My father-in-law is not the sort of man to play games. Monopoly, for example, would be a complete mystery to Poppy. When Tracey’s family celebrates Christmas we all inevitably sit around a table and play Sevens or 500. Poppy’s idea of joining in is to let us.
So when I arrived home today and he met me at the back door by saying, “Tag!” I was, at first, a little confused.
The thing to know about Poppy is he loves being a grandfather. In fact, until today the only exception to Poppy’s complete boycott of any sort of social interaction through fun stuff has been when one of his granddaughters makes him a pretend cup of tea while he watches the football. And he pretends to drink it. Plus, which is a real surprise for Tracey, he smiles while he pretends to drink it.
“Who the hell are you?” Tracey has jokingly asked him on more than one occasion. She swears she has no recollection of him ever smiling when she was growing up. “You know, if I handed him a teacup without any actual coffee in it he’d have thought I was simple.”

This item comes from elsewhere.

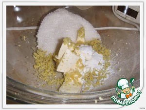 Масло растереть с цедрой, ванильным сахаром и 75 г сахара.
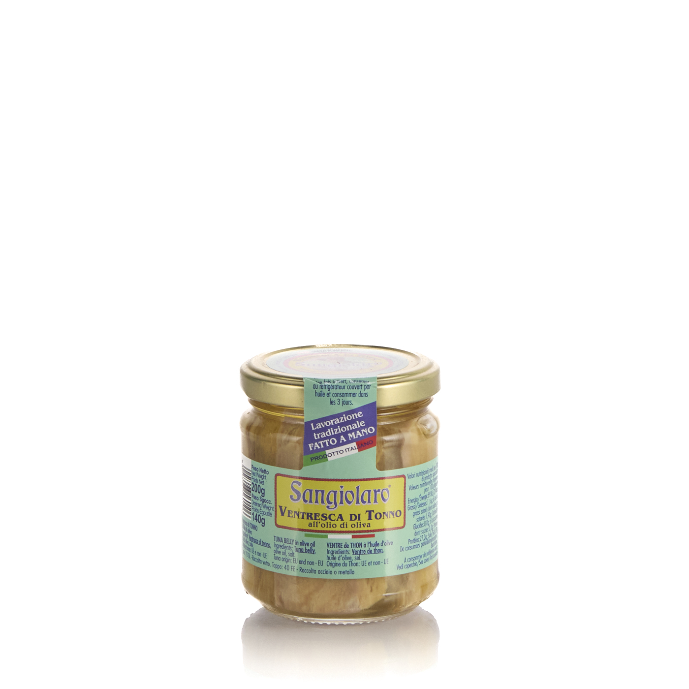 Ventresca di tonno in olio di oliva, Sangiolaro. Un prodotto italiano che valorizza la tradizione artigianale e unisce sapori delicati.

So needless to say, the idea that Poppy now wanted me to chase him through the house and tag him back seemed a little odd. I knew he was looking after our kids until I got home while Tracey went out for a photo shoot, but that didn’t seem to be an answer. I was just trying to make sense of it when, behind him, Miss1 appeared wearing nothing but a singlet.
“She did a poo and took her nappy off,” Poppy explained. “Unfortunately, not in that order. Tag,” he added again as he walked out the door. “You’re it.”
And then he smiled. Only this time I don’t think it was because one of his granddaughters had made him something special. Or maybe it was.